Our engineers run the spectrum of "never wanted to touch AI, never did" to "earnestly trying to make it work". Ultimately I think the consensus position is: Its a tool that is nice to have in the toolbox, but any assertion that its going to fundamentally change the profile of work our engineers do, or even seriously impact hiring over the long-term, is outside the realm of foreseeable possibility. The models and surrounding tooling are not improving fast enough.
The article says problems, not bug. Problems seems to include formatting or naming issues. I couldn't find 1.7x bugs specifically. I only see 3 mentions of bugs, with no number attached.
This is ... not actually faster.
I think I've seen so much rush-shipped slop (before and after) that I'm really anxiously waiting for this bubble to pop.
I have yet to be convinced that AI tooling can provide more than 20% or so speedup for an expert developer working in a modern stack/language.
The real kicker is when someone copies AI generated code without understanding it and then 3 months later nobody can figure out why production keeps having these random issues. debugging AI slop is its own special hell
LLMs in coding feel similar.

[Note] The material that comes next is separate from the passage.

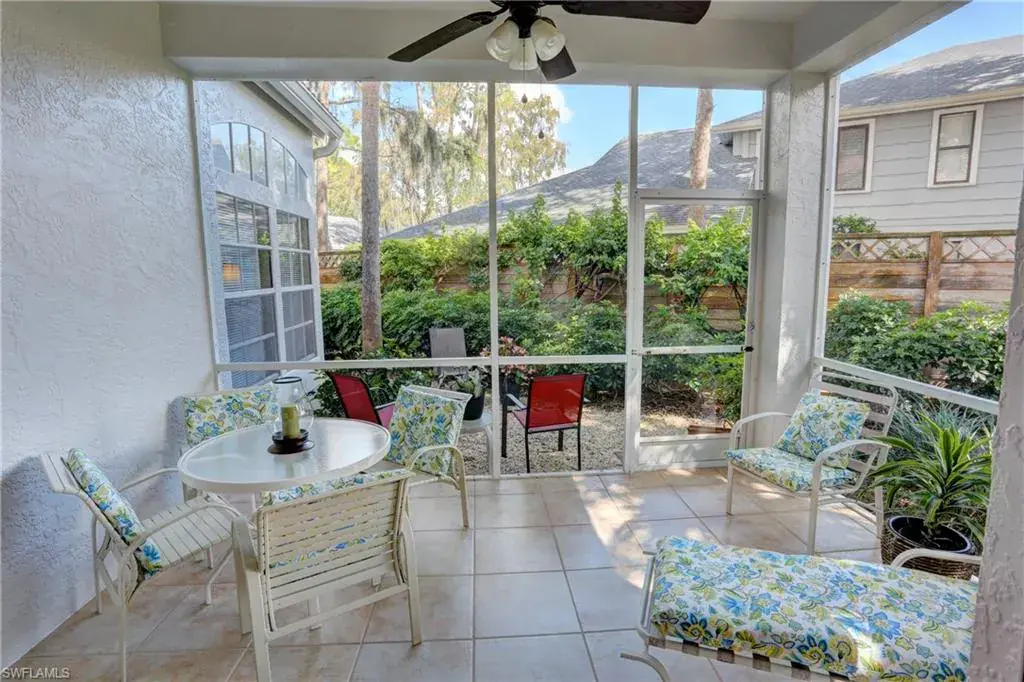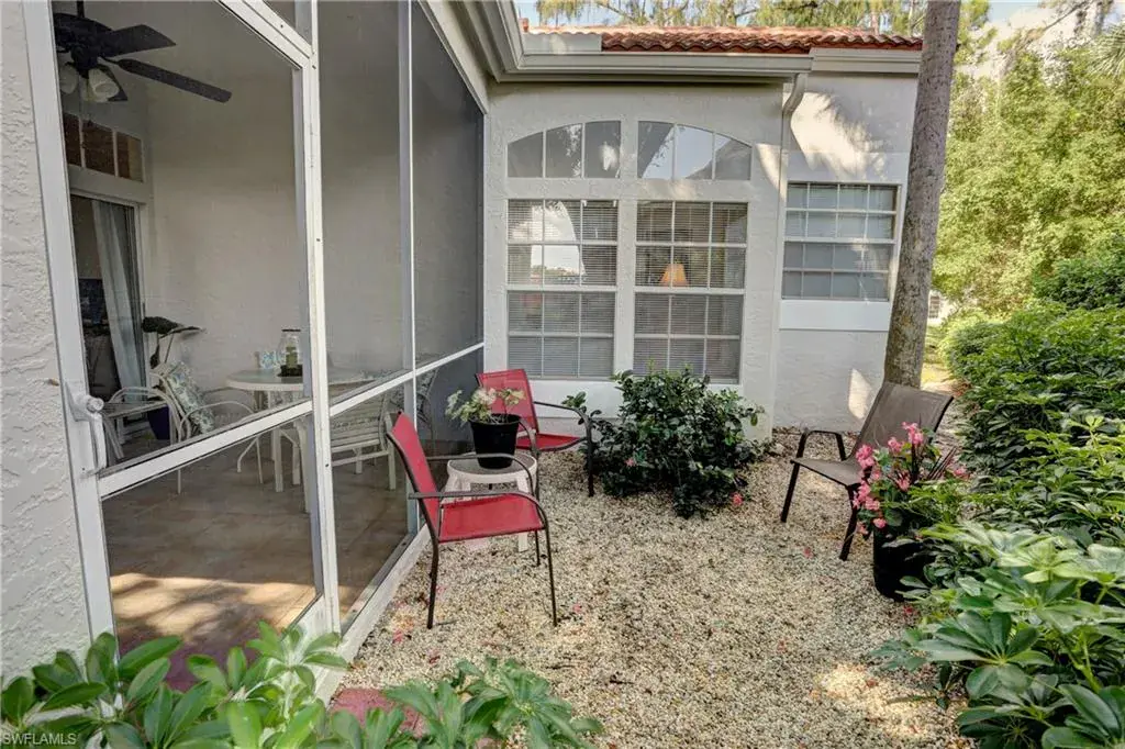 Move right in and start enjoying the fabulous Southwest Florida lifestyle! Nestled in the desirable community of Amblewood, this private end-unit is just steps from all Wyndemere amenities! Set back from the street with a long driveway, this 3-bedroom, 2-bath villa offers an open floor plan with 10’ foot ceilings, crown moldings, tile flooring throughout and new carpeting in the bedrooms. The primary suite is bright and spacious, with a large walk-in closet, primary bath with dual sinks, shower and tub. The back screened-in lanai is private and serene, a cozy place for outdoor living. The kitchen features stainless steel appliances, granite counter tops with eat-in kitchen. Separate laundry, attached 2 car garage and screened front entry porch. Amblewood is a popular pet friendly neighborhood on a charming tree lined street. 27 holes of Arthur Hills golf, 10 HarTru tennis courts, pickleball, bocce, croquet, resort-style zero entry pool, state of the art fitness center, w/full spa services & group exercise classes. New activity center with circular outdoor bar and pickle ball stadium for exhibition matches with seating for 165! Enjoy indoor/outdoor casual dining at the Tiebreaker and a lively social schedule of events/parties at the club. Wyndemere, a gated premiere 2025-2026 Platinum Club of America, known for its friendly and welcoming membership, is ideally located within minutes to world class dining, shopping and the spectacular sugar sand Gulf beaches. Live everyday like you are on vacation!

They don’t magically remove the need for tests, specs, and review; they just compress the time between “idea” and “running code” so much that all the missing process shows up as outages instead of slow PRs. The risk isn’t “AI writes code”, it’s orgs refusing to slow down long enough to build the equivalent of traffic lights and driver’s ed around it.
All websites involved are vibe coded garbage that use 100% CPU in Firefox.